Luke 15: 1-10

Dear Friends,

We hope this week's devotional will encourage you in your spiritual walk. We give thanks to Michael Lund, Library Manager, for writing this devotional.

You are welcome to share this and include it in your church newsletters if you wish; we just ask that you please give credit to NTC and the author. Thank you!

Luke 15:1-10 (NRSVUE)

1 Now all the tax collectors and sinners were coming near to listen to him. 2 And the Pharisees and the scribes were grumbling and saying, “This fellow welcomes sinners and eats with them.”

3 So he told them this parable: 4 “Which one of you, having a hundred sheep and losing one of them, does not leave the ninety-nine in the wilderness and go after the one that is lost until he finds it? 5 And when he has found it, he lays it on his shoulders and rejoices. 6 And when he comes home, he calls together his friends and neighbors, saying to them, ‘Rejoice with me, for I have found my lost sheep.’ 7 Just so, I tell you, there will be more joy in heaven over one sinner who repents than over ninety-nine righteous persons who need no repentance.

8 “Or what woman having ten silver coins, if she loses one of them, does not light a lamp, sweep the house, and search carefully until she finds it? 9 And when she has found it, she calls together her friends and neighbors, saying, ‘Rejoice with me, for I have found the coin that I had lost.’ 10 Just so, I tell you, there is joy in the presence of the angels of God over one sinner who repents.”

Devotional

Today’s devotional looks at the first two in a group of three parables looking at the lost. This passage occurs after Jesus eating with the Pharisees, his parables of the great feast (14:1-24) and his teaching on the cost of discipleship (14:25-34). Seeing the tax collectors and sinners drawing near to Jesus and listening to his teaching, the Pharisees and scribes begin to grumble and murmur. This grumbling, echoing the Israelites’ grumbling against Moses in Exodus (Culpepper, NIB: Luke, pp. 295), is because Jesus’s response to the sinners and tax collectors wasn’t sending them away, nor withdrawing from them, but accepting and befriending them.

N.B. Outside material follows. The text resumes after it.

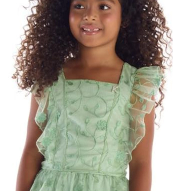 Descrição: modelo em 2 peças - Linda blusa e saia em tule bordado com brilho, saia com short interno.
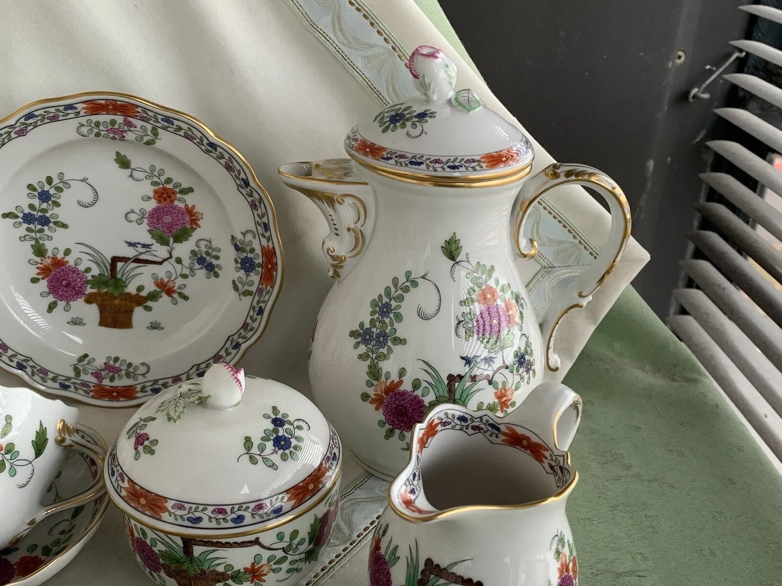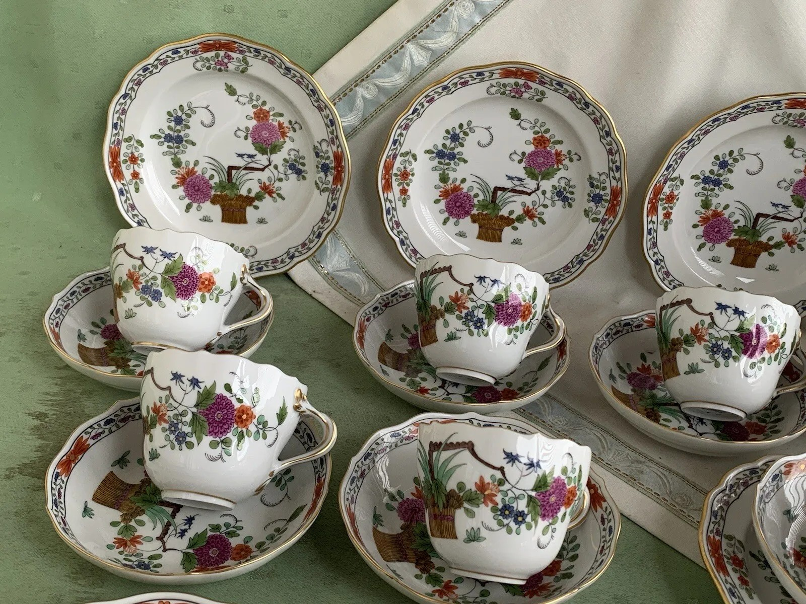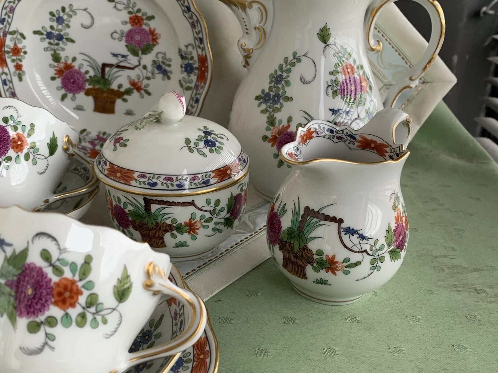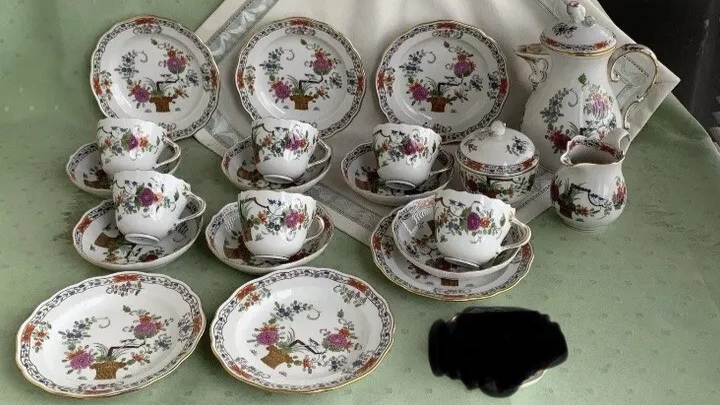 W skład kompletu porcelany miśnieńskiej wchodzi: dzbanek, mlecznik, cukiernica, 6 x filiżanka, 6 x spodek, 6 x talerzyk deserowy.

It's in this situation with the religious leaders’ self-righteousness and disparaging of sinners (and Jesus) that Jesus begins to teach. He builds from lesser to greater, from parables about lost livestock and coins to lost people. Throughout there’s contrast of the relative wealth of the man who owns a hundred sheep compared to relative poorness of woman with ten silver coins. It’s noteworthy that Jesus’s parables here don’t contrast the righteous and wicked like other parables or many of the OT passages do, but highlights the lost and the found (Neale, NBBC: Luke 9-24, pp. 136-37). As Neale notes, the coin [and the sheep] is not lost because of its wickedness, but because it wasn’t in its ‘usual place’ where it belonged with the other coins [or sheep].

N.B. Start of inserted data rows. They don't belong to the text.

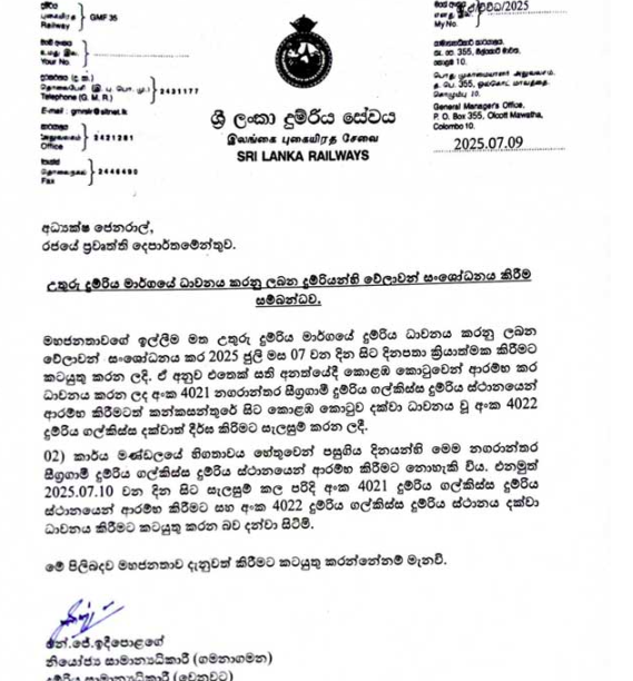 මහජනතාවගේ ඉල්ලීම මත උතුරු මාර්ගයේ ධාවනය කරනු ලබන දුම්රිය වේලාවන් සංශෝධනය කර ඇති බව ශ්රී ලංකා දුම්රිය සේවය නිවේදනය කර ඇත. මෙම සංශෝධනය 2025 ජූලි 07 සිට දිනපතා ක්රියාත්මක වන බව එම නිවේදනයේ සඳහන්.
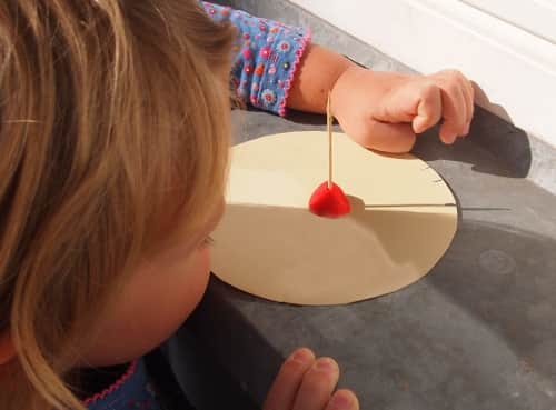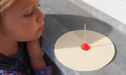 Z kartki, plasteliny i wykałaczki zróbmy sobie zegar słoneczny - z kartki wycinamy okrągłą tarczę, na środku przyklejamy kawałek plasteliny, w który wbijamy patyczek lub wykałaczkę. W słoneczny dzień postawmy nasz zegar na balkonie lub parapecie (uwaga na wiatr!). Wspólnie z maluchem zaznaczajmy, jak zmienia się w ciągu dnia położenie słońca na niebie.
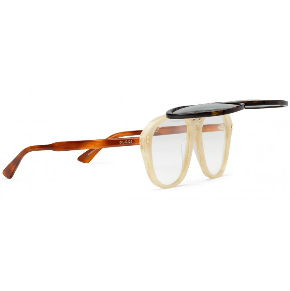 Dark tortoiseshell acetate frame with flip-up detail
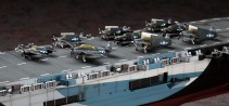 船体は左右分割式で、内部に桁を挟み込む事で 組み立て易さと高い安定性を実現。 甲板は2枚分割式。下面の桁ごと船体にかぶせる構造。 甲板表面の彫刻は非常に細かく繊細に入っています。 艦載機はアベンジャー×3機、ワイルドキャット×6機をセット。 (主翼は展開状態/折りたたみ状態の選択式で、キャノピーは透明部品) 展示用スタンドが付属。
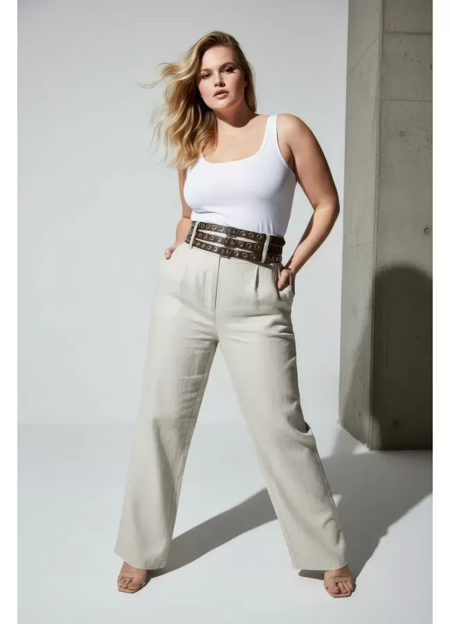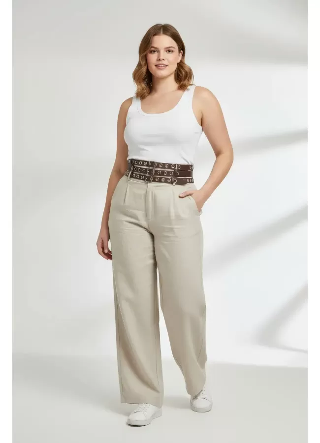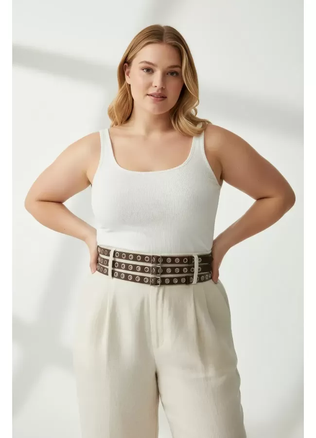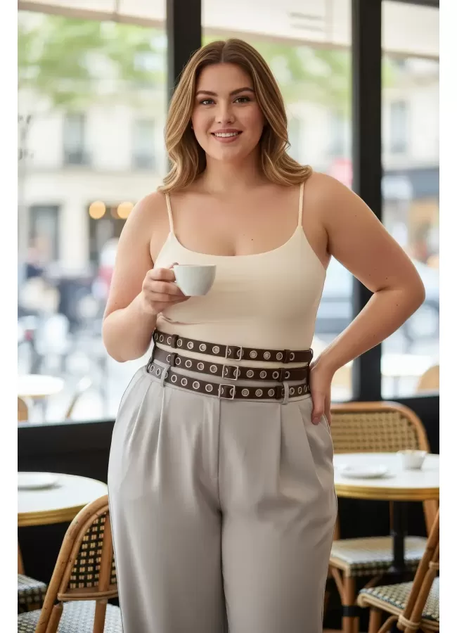 Büyük Beden Taba Kadın Korse Kemer Omuz Askılı Bağcık Detaylı - APFT1429
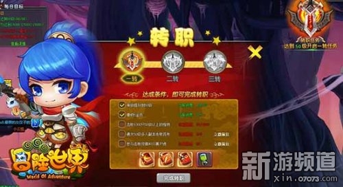 腾讯平台《冒险世界ol》开启转职系列玩法,玩家可以通过转职任务获得转职属性技能书。学习技能后玩家角色将能获得本职业的强力专属属性。转职共分为三个阶段,在游戏界面的右上方可以看到转职任务图标提示。
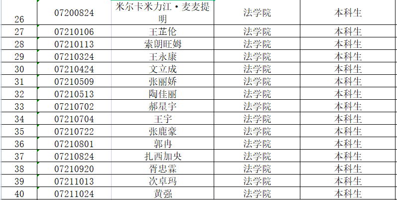 根据学生个人自愿申报,学院奖助学金评审委员会评审,现确定艾克达·阿比力克木等40名本科生为2021年度TheGay “金杜助学金”拟资助人选,现将资助名单予以公示,公示期自2021年11月5日——9日。

The owner of the sheep uproots his usual routine, leaving the 99 sheep in relative safety, to find the lost sheep. Similarly, the woman turns her house upside down in seeking the coin. The focus of these parables isn’t on the sinners’ repentance as such (vv. 7, 10), but on the communal celebration when the lost are found and restored to their rightful place in community. “Rejoice with me, for I have found my lost sheep,” and “Rejoice with me, for I have found the coin that I had lost” (vv. 6, 9).

We must ask ourselves, does the lost sheep get travel sickness on the shoulders of the dancing shepherd (v. 5)? More importantly, are we looking down on others, or too busy focusing on our own lives that we don’t divert from our routines to seek the lost? Do we celebrate when the lost are found and returned to their home within God’s community? Do we have the same “concerns of a father’s heart for his own children, each one of whom is singularly precious in his sight?” (Nolland, Word: Luke, pp. 766)


Prayer

Dear Lord, we pray you soften our hearts for the lost. Help us to love them, and reach them so they can be returned to their place as your child in loving community, even if they have never experienced this before. Helps us to see each person as precious in your sight. Amen.